A deputada Silvia Waiãpi (PL-AP) afirmou que o veto à tese principal prevista no PL do Marco Temporal é um “atentado contra a própria soberania nacional”. A parlamentar apontou que, por exemplo, a impossibilidade de construção de estradas nessas regiões gera dificuldade da chegada de saúde e educação em algumas comunidades indígenas e “condena o povo ao isolamento”.
Para Waiãpi, “com certeza” os vetos de Lula cairão no Congresso. Além disso, ela ressaltou que a decisão sobre o Marco Temporal pode impactar na tramitação de outras pautas importantes para o governo. A deputada afirmou ainda que o veto causa “instabilidade jurídica” e que os parlamentares já estão se articulando e esperando a documentação oficial para definir o próximo passo no Parlamento.
Marco temporal gerou atrito entre Congresso e STF
A discussão sobre o Marco Temporal colocou o Congresso e o Supremo Tribunal Federal (STF) em rota de colisão ao longo dos últimos meses, em que os parlamentares alegaram que os magistrados estavam interferindo na separação entre os Poderes da República ao analisar ações que pediam demarcações.
No final de setembro, os ministros do STF derrubaram a tese por 9 votos a 2. A decisão foi vista por parlamentares como “usurpação de competências”, o que levou o Legislativo a avançar com o projeto de lei que estabelece o Marco Temporal, que foi aprovado no Senado por 43 a 21 apenas seis dias após o julgamento no Supremo.
“Há contínua usurpação de competência pelo Supremo Tribunal Federal em temas como legalização das drogas, descriminalização do aborto, direito de propriedade e legítima defesa, entre outros”, questionou a Frente Parlamentar da Agropecuária (FPA), em nota, após a decisão do STF.

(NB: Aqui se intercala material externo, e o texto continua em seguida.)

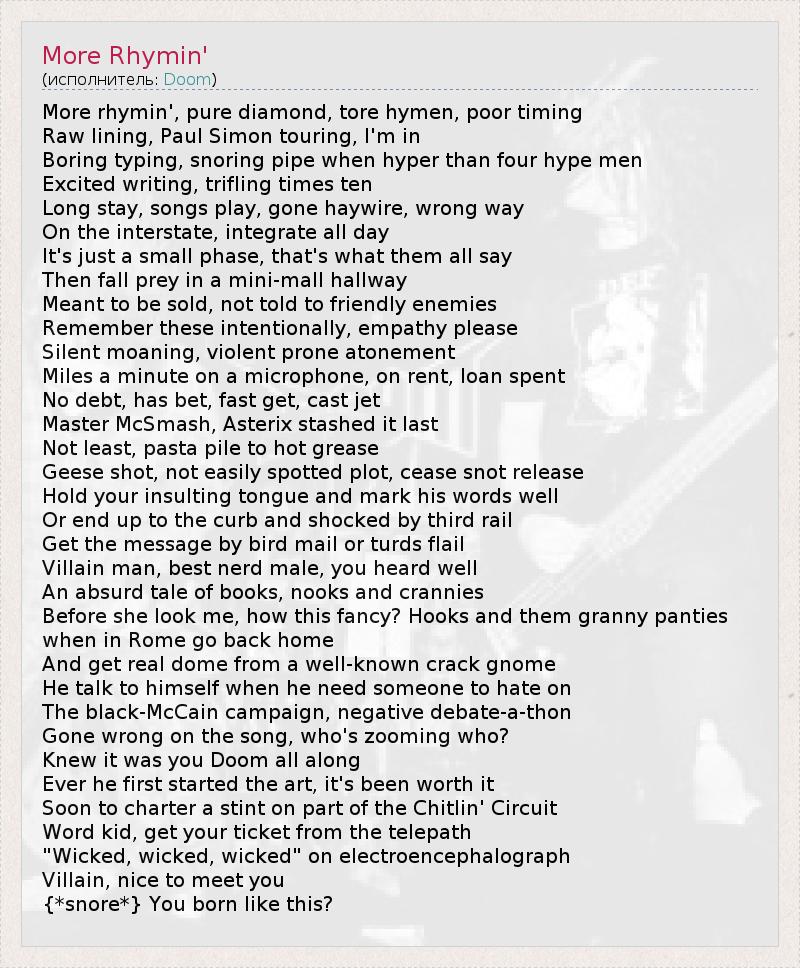 А как ты думаешь, о чем песня "More Rhymin'" ?

O resultado do julgamento foi alvo de intensas críticas, sobretudo vindas de produtores rurais, que temiam que a medida motivasse uma enxurrada de invasões ilegítimas e pedidos de revisão de ações já julgadas no passado.
Mesmo no STF, a decisão de derrubar o Marco Temporal não foi unânime e gerou debates principalmente na possibilidade do pagamento de uma indenização, por parte da União, a produtores rurais ou outros proprietários que venham a ser afetados pela demarcação.

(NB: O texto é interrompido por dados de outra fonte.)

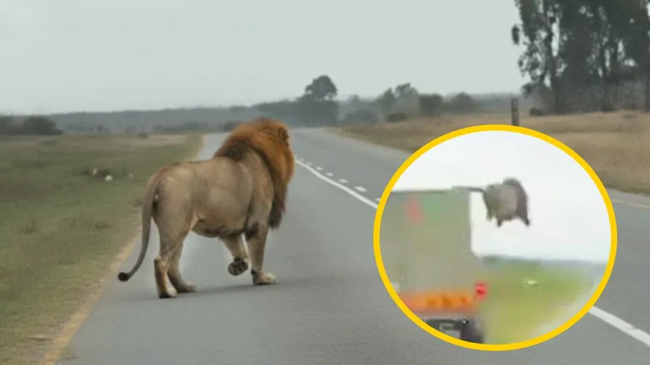 Sudáfrica., viernes 24 de octubre de 2025.- Un león escapó de un camión en movimiento en una carretera de Sudáfrica, protagonizando una escena tan sorprendente como peligrosa que rápidamente se volvió viral en redes sociales.

Na prática, a decisão do Supremo permitia que áreas em que tribos indígenas não comprovassem que já residiam antes de 1988 – terras que podem ter sido invadidas pelas tribos, por exemplo – poderiam ser consideradas de propriedade das etnias.
De acordo com o Censo de 2022 do IBGE, atualmente há cerca de 600 mil indígenas vivendo em áreas já demarcadas, que correspondem a quase 14% do território brasileiro. Desde a aprovação do projeto de lei no Senado, ativistas da causa indígena organizaram forte mobilização para que Lula vetasse o projeto de lei.
A Articulação dos Povos Indígenas do Brasil (Apib) – entidade ligada à ministra dos Povos Indígenas, Sonia Guajajara – afirmou que o setor do agronegócio, ao encabeçar as tratativas para o avanço do Marco Temporal no Congresso, pretendia “mudar o rumo da história e agravar a crise climática”. “Uma medida que ignora o extermínio e expulsão de milhões de indígenas ao longo da história”, diz a entidade em um manifesto publicado nas redes sociais.
Por outro lado, a tese do Marco Temporal também não era unânime dentro do próprio governo. Enquanto que ministras como Marina Silva (Meio Ambiente) e Sonia Guajajara (Povos Indígenas) eram a favor, Carlos Fávaro (Agricultura) chegou a ser contra e, depois, passou a defender uma solução alternativa para contemplar os direitos dos povos originários e do agronegócio. Já Rui Costa (Casa Civil), Alexandre Padilha (Relações Institucionais) e o senador Jaques Wagner (PT-BA), líder do governo no Senado, eram a favor de parte da proposta.
Desde a campanha presidencial de 2022, Lula tem defendido a retomada dos processos de demarcação de territórios indígenas – foram oito demarcações oficializadas neste ano, e há expectativa de que mais seis sejam homologadas até dezembro.